En passant devant un enclos sur le chemin de Birregurra à Apollo Bay, en février de cette année, j’ai vu un champ bleu pâle, avec des moutons. J’ai pris quelques photos, que je partagerai avec vous, mais pas de gros plans sur les fleurs.

Je ne savais pas s’il s’agissait d’une culture ou d’une mauvaise herbe, mais cela ressemblait un peu au lin commun, également connu sous le nom de graines de lin, ou botaniquement, Linum usitatissimum*.

Il existe environ 230 espèces de Linum, tous ont reçu le nom commun de lin, et à ne pas confondre le lin de Nouvelle-Zélande, Phormium tenax. Une espèce, Linum marginaleest commun et répandu à Victoria et dans tous les autres États et territoires à l’exception du Territoire du Nord, ainsi qu’en Nouvelle-Zélande, et quelques espèces exotiques sont cultivées ici.

Linum siège avec une douzaine de genres assez obscurs dans une famille appelée Linaceae, c’est une famille qui n’a pas beaucoup changé dans sa circonscription avec l’avènement du séquençage moléculaire (ADN).
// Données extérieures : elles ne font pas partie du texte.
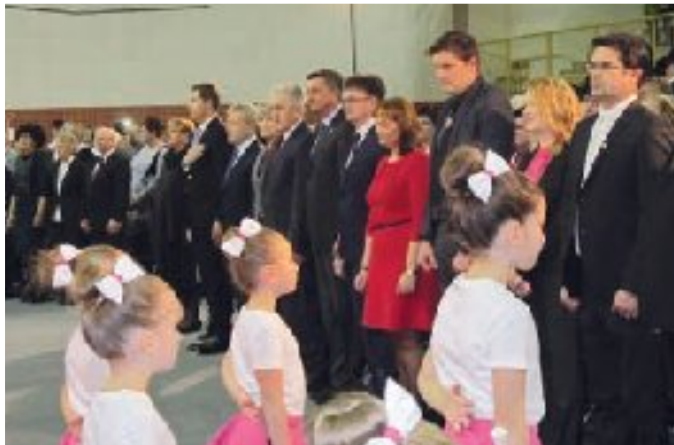
Proslave ob 70-letnici OO RK Benedikt se je udeležil tudi njen častni pokrovitelj, predsednik republike Borut Pahor.

Linum lui-même comprend principalement de petites plantes avec des fleurs généralement à 5 pétales.

Le lin commun est cultivé par l’homme depuis environ 10 000 ans et ce que nous appelons Linum usitatissimum est une plante autogame, cultivée en Europe ou au Moyen-Orient à partir de Linum angustifoliumd’une plante oléagineuse. Le lin commun est également une mauvaise herbe des plaines basaltiques à l’ouest de Melbourne – où cette culture était située.

Lorsqu’il est cultivé volontairement, comme il semble l’être ici, il sert soit à la fibre pour tisser le lin (ou traditionnellement à fabriquer du papier, de la corde et bien d’autres produits) soit à sa graine pour en extraire l’huile de lin ou de lin. Les graines de lin entières ont également connu un renouveau ces dernières années en tant que source de fibres et d’antioxydants, de la même manière que la graine d’une plante non apparentée. Salvia espèce, appelée chia.

En supposant qu’il s’agit d’une culture délibérée, je suis sûr que ce serait pour les graines et l’huile. Je suppose que les variétés cultivées pour la fibre sont plus hautes et, en tout cas, je ne suis pas au courant que le lin soit cultivé commercialement (du moins ces derniers temps) pour la production de lin à Victoria.

Je sais, ou du moins j’ai lu, que les espèces indigènes – Linum marginale – est utilisé par les peuples des Premières nations pour fabriquer des cordes pour les filets de pêche, et les graines sont consommées crues ou cuites.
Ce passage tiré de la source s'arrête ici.